Sin embargo, Constantino no consiguió recuperar el prestigio de la encomienda Teutónica, y quizás centrándose más en el objetivo de conseguir gloria personal que en el interés general de la misma, contribuyó a su desaparición. Con el consentimiento del Papa, proyectaba poner bajo la protección de la Santa Sede los territorios de la Encomienda: la ocasión llegó cuando en 1523 una delegación de caballeros teutónicos enviados por el Gran Maestre visitó Santa María de Castellanos.

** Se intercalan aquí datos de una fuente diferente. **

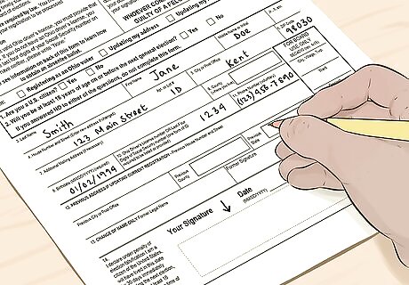 Indicate what’s changed for you and fill out the registration form. With a blue or black ink pen, check the box that says “Updating my address,” “Updating my name,” or both boxes, depending on your individual case. Fill out the entire form. If you’re changing your address, include your previous address where indicated. Or, if you’re changing your name, write out your prior name where indicated. Write as neatly as possible so that the person entering your information can read it.

El comendador Constantino manifestó la enorme dificultad de proteger los bienes de la encomienda, ya muy deteriorada, y propuso la creación de siete capellanías perpetuas presididas por un Capellán Mayor que sería auxiliado por otros capellanes y dos sacristanes, retribuyendo la dotación con una cantidad que no pasaría de 120 ducados de oro de Zamora, todo ello bajo la protección del Papa.

Las crecientes dificultades políticas y económicas que la Orden Teutónica debía afrontar en los territorios de Europa nororiental –durante siglos sometidos a su dominio– facilitaron la alienación de las posesiones españolas, consideradas demasiado lejanas y difícilmente gestionables y controlables.

El Papa Pablo IV aprobó en su bula de 5 mayo de 1556 la propuesta de Constantino, y decretó la extinción de la encomienda de la Orden Teutónica de Santa María de Castellanos de la Mota. El último comendador, Constantino del Castillo, conservó el título hasta su muerte, que tuvo lugar nueve años después en Cuenca, su ciudad natal, donde fue sepultado en la capilla de Santa Elena, aún hoy visitable en el interior de la catedral.